Could the Wikidata frontend display a warning when users enter strings in Zawgyi encoding?
Background: In Myanmar, the majority of users use legacy keyboards that don’t use proper Unicode encoding. Instead, they use a pseudo-Unicode encoding that is almost like Unicode; only the Myanmar codepoints have non-standard semantics. Web browsers transmit such strings to web servers as structurally valid Unicode text, typically in UTF-8 encoding. On computer systems that implement Unicode according to spec (i.e., almost all computer systems outside Myanmar), Zawgyi-encoded text appears as illegible garbage. This is a notorious problem for all major web services, and sadly it won’t go away anytime soon (complicated story). The Unicode Myanmar FAQ recommends to catch Zawgyi as early as possible, and to store all text in proper Unicode inside the backend database. To my knowledge (which might be wrong), the Burmese Wikipedia has a group of users who manually look for Zawgyi, and manually correct mistakes in Wikipedia articles.

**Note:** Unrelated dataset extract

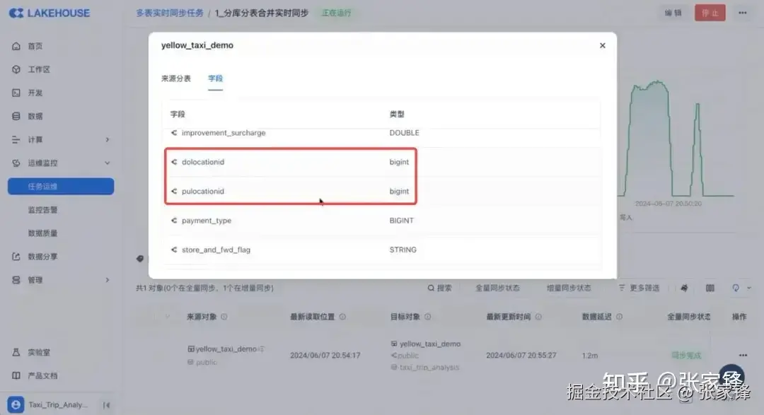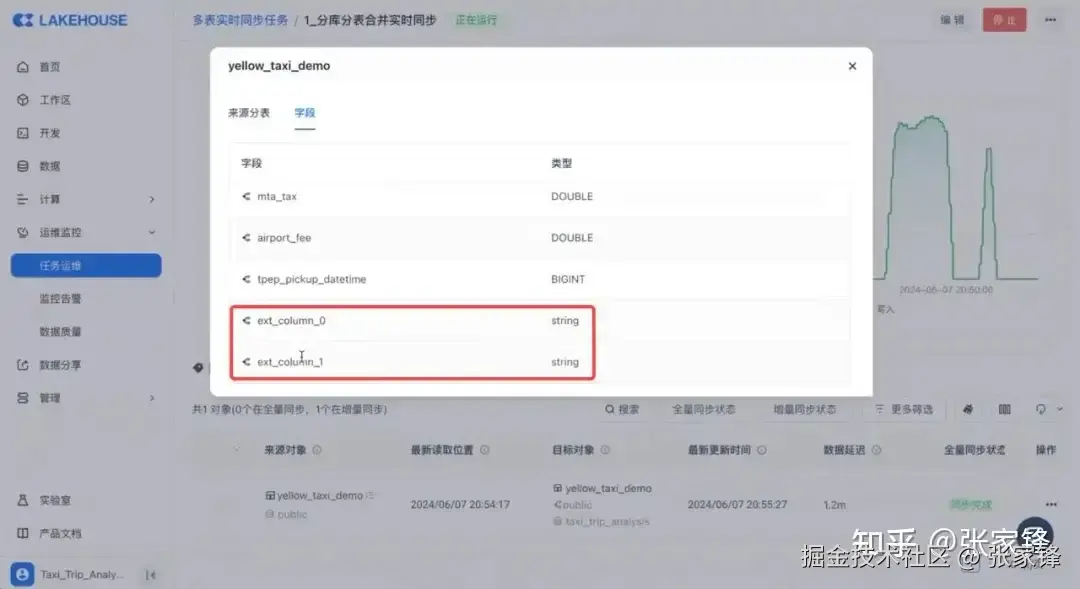 同步完成后,也可以在任务运维界面中检查源端的变更是否被成功同步到目标端,可以看到,新增的字段 ext_column_0 & ext_column_1已经被扩展进目标端,更改的 bigint 字段也完成变更。
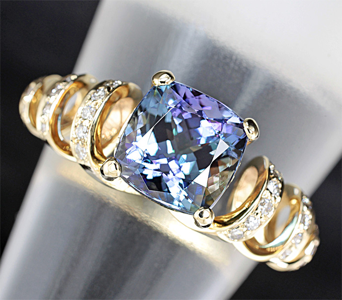 Вашему вниманию предлагается кольцо из золота 585 пробы с танзанитом и бриллиантами! Диаметр бриллиантов от 1 мм до 1,35 мм. Площадка 24 х 9 мм, высота 7 мм. Вес изделия 4,4 г. Размер 19. Ниже приводятся ювелирные характеристики танзанита.

For Wikidata, my proposal would be to detect and discourage Zawgyi in the Wikidata user interface. When a user enters a string, Wikidata would run a Zawgyi detector. If the text has a high Zawgyi likelihood, the UI would then display a warning symbol, perhaps similar to constraint violations. Unfortunately, Zawgyi can’t be 100% reliably detected, especially not on very short strings. So users should still be able to enter a string that gets flagged. But a warning would help; users can then switch to a proper Unicode keyboard.
Zawgyi detection would only need to be called on strings with Unicode characters in the Myanmar code block. This is very fast to check, so the latency impact would be zero for most users.